Advice About Traveling Alone

Donna knows that some women are reluctant to travel alone. Although she had traveled alone in her corporate career, her personal solo traveling is very different. She is always aware of her safety no matter where she is. “I just think it’s smart to be prepared. Before I go, I research the location of the police station and the hospital. I always have emergency numbers in my purse as well as the number for the American Embassy,” Donna said.

She’s also learned it’s important to strike up a friendship with a local person. This gesture establishes a link with someone who can help her with the language or other problems that might arise.

“I think you have to have a brave heart to travel alone. But I think just living you have to have a brave heart,” Donna said.

Food and Wine

You can’t talk about Italy without talking about food. “I’m partial to the Southern part of Italy because I prefer tomato sauces over cream sauces. And the seafood on the Adriatic is superb.”

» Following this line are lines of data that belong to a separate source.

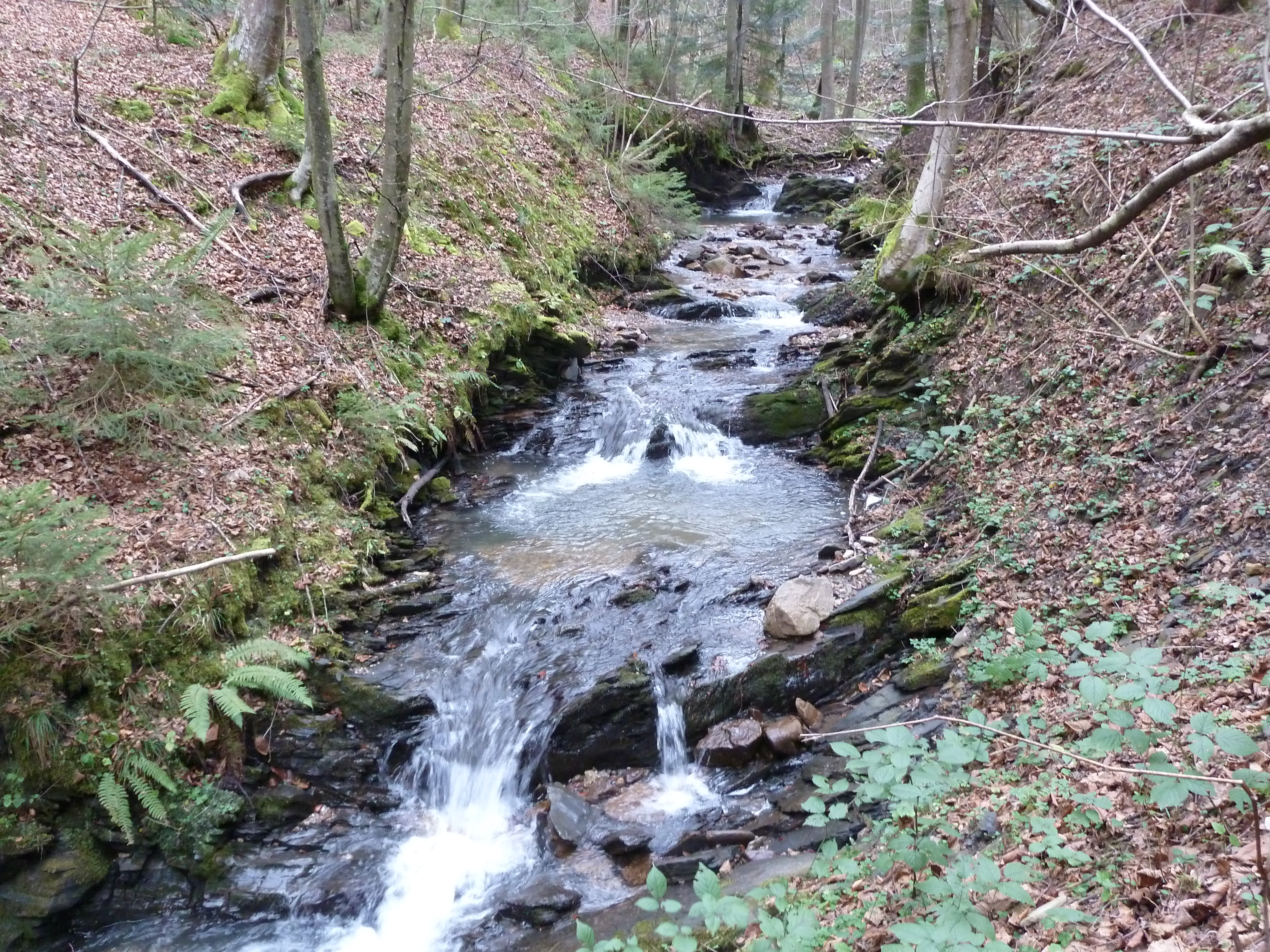 Upper course of Bolska river above the village of Trojane
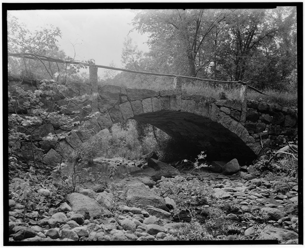 Second New Hampshire Turnpike Bridge, Fullers Tannery, Hillsboro, Hillsborough County, NH
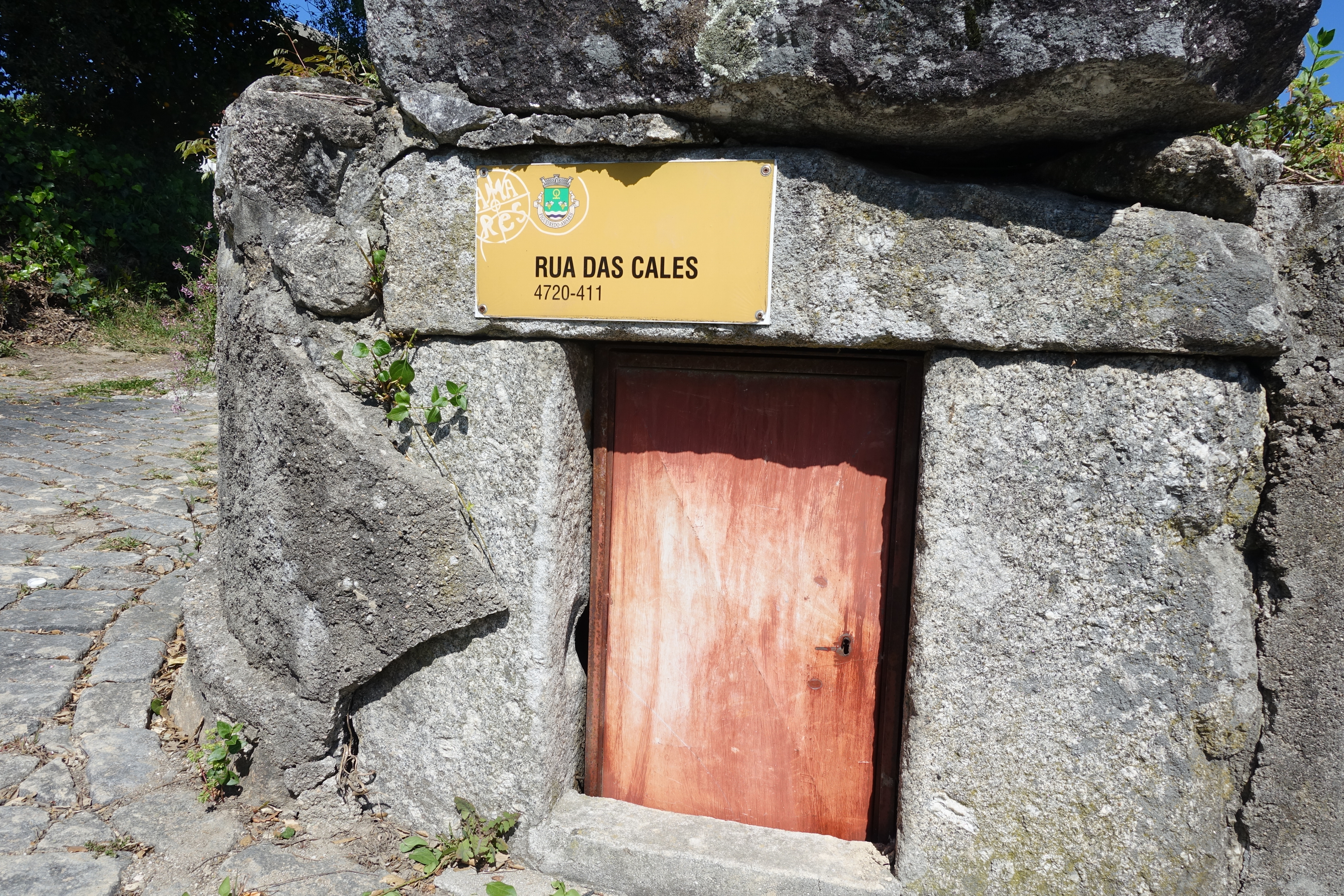 Door fo the cales aquedut Amares, Portugal.

Donna not only enjoys eating in Italy, but she loves cooking as well. “Everywhere I go I ask a local person to teach me how to make a local dish,” Donna said.

Arancini

Last time she learned to make arancini, a rice ball stuffed with a meat ragú, green peas and mozzarella cheese, rolled in egg and bread crumbs and then fried. “They are so delicious with the gooey cheese melting in your mouth when you take a bite.”

She now wants to learn to make a tiramisu she had in Sicily. Donna described her favorite as a unique round-shaped cake shell. “When you cut into it, a thick chocolate sauce, thick caramel sauce and thick pastry cream oozed out. I’m a real sweet lover,” Donna said.

“But then, there’s hardly anything in the food category that I don’t love,” Donna laughed.

And the wine! Donna and her husband are mostly red wine drinkers. “The reds in the Southern region are so gorgeous and intense. There is a really distinct flavor to the grape that has almost a raisiny after taste. They’re delicious.”

Finding Time to Heal

Donna knows that her solo trip to Otranto helped make her the person she is today. “You don’t have to go to Italy to start the process. Start small. Carve out the time for yourself to be alone with your thoughts,” Donna said. “Learn to like yourself as a person. It’s so critical. In Italian they use the word essere which means to be. Americans are such busy people, always doing instead of being. Learn to be.”

What’s next for Donna? She’s writing a mystery series that is currently in the submission process. The series features Cat Gabbiano a Lowcountry caterer who embarks on a trip to Italy when her best friend goes missing from a small town in Puglia. Donna continues to submit travel essays and writes a travel blog when she’s on the road.